Your Family Loves You for You

Being honest to family about your recovery is a difficult step. But many recovering addicts find that it is a necessary bridge to gap at some point. The human desire to be understood and accepted by our groups acts as a strong influence in the way we behave.

And that goes both ways. Your family loves you for you. Although it’s impossible to brush broad strokes on how honesty plays out, being earnest about the effort you’ve put in helps. It communicates to your family that you are serious about getting well and managing your disease. Most mature adults understand that we all have different ways of handling what’s given to us. You deserve credit for working to better yourself, so don’t sell yourself short when being honest to family members about your recovery.

Handling Children

Being Honest to Family About Your RecoveryThe specific fears of revealing recovery to families vary with the nature of your relationship to the person. Parents have a very different set of concerns when it comes to divulging their recovery to dependents, especially young children.

Since these situations vary so widely, it’s helpful to seek insight from others who have been through it in their own personal lives. Alcoholics Anonymous offers a great fellowship community for such questions. Although meeting forums do not encourage cross talk directly, it’s common for recovering alcoholics and addicts to share their fears and request advice once the meeting is over. Therapists also offer resources for how to approach these situations.
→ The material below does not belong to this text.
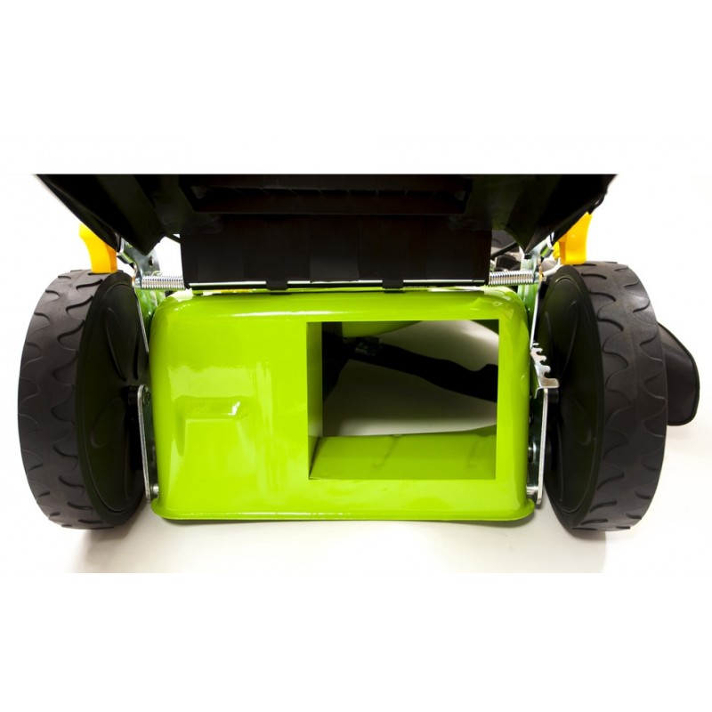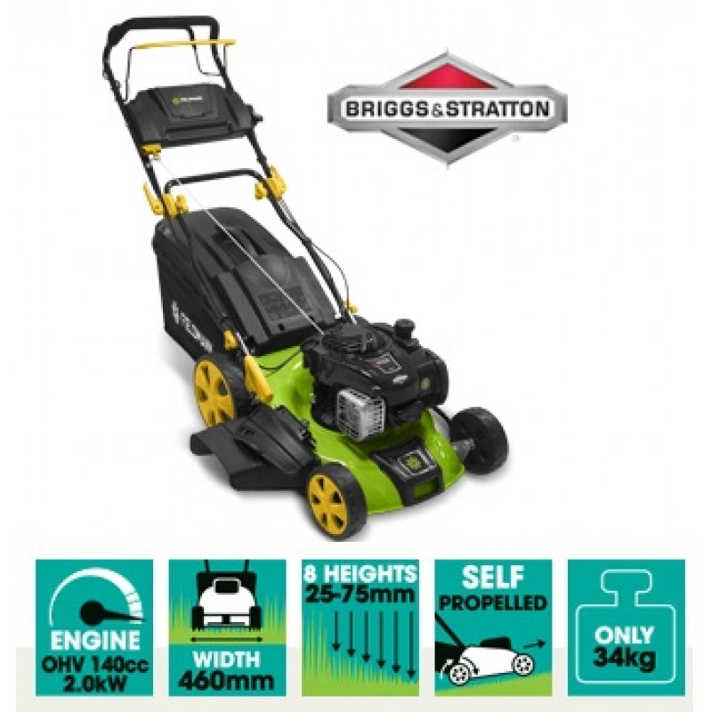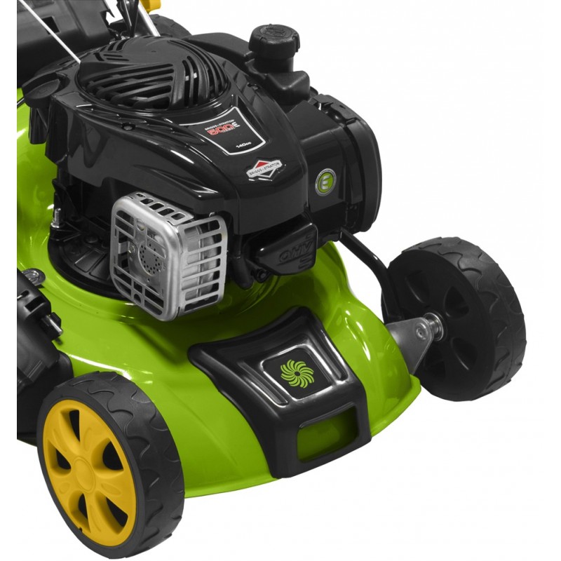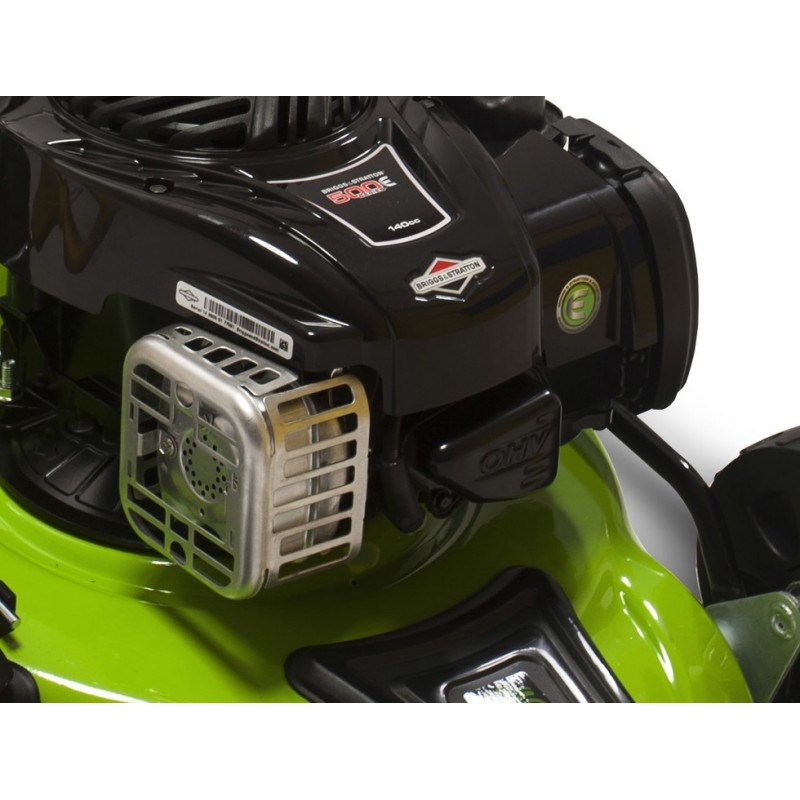 Pre tento model bol vybraný motor od svetoznámeho výrobcu Briggs & Stratton. Jedná sa o model E-Series, ktorý má o 25% nižšie emisie ako požadujú európske normy. Oceľové šasi kosačky má záber 460 mm a je vybavené systémom kosenia 4 v 1. Výšku kosenia je možné nastaviť centrálne. Delený kôš má objem 60 litrov. Veľké zadné kolesá zlepšujú priestupnosť terénom. Výškovo nastaviteľné madlo je opatrené praktickým držiakom na nápoje a drobnosti. V prednej časti kosačky nájdeme madlo, ktoré uľahčuje manipuláciu s kosačkou pri čistení. Samozrejmosťou sú guličkové ložiská všetkých kolies. Odporučená plocha sekania pre tento model je 1 200 m2. .

Being Honest to Family about Your Recovery

There is no timeline for being honest to family about your recovery. Although counselors usually encourage immediate family counseling during treatment (as addiction is a family disease), it can take time to work up the resolve to be so forthcoming with extended family. But this step often helps solidify recovery for people in the long term; once it becomes more widely known, your recovery journey seeps deeper into your identity. And that is a vital part of staving off relapse. Consider how being honest with your family will help you come to terms with your recovery more holistically.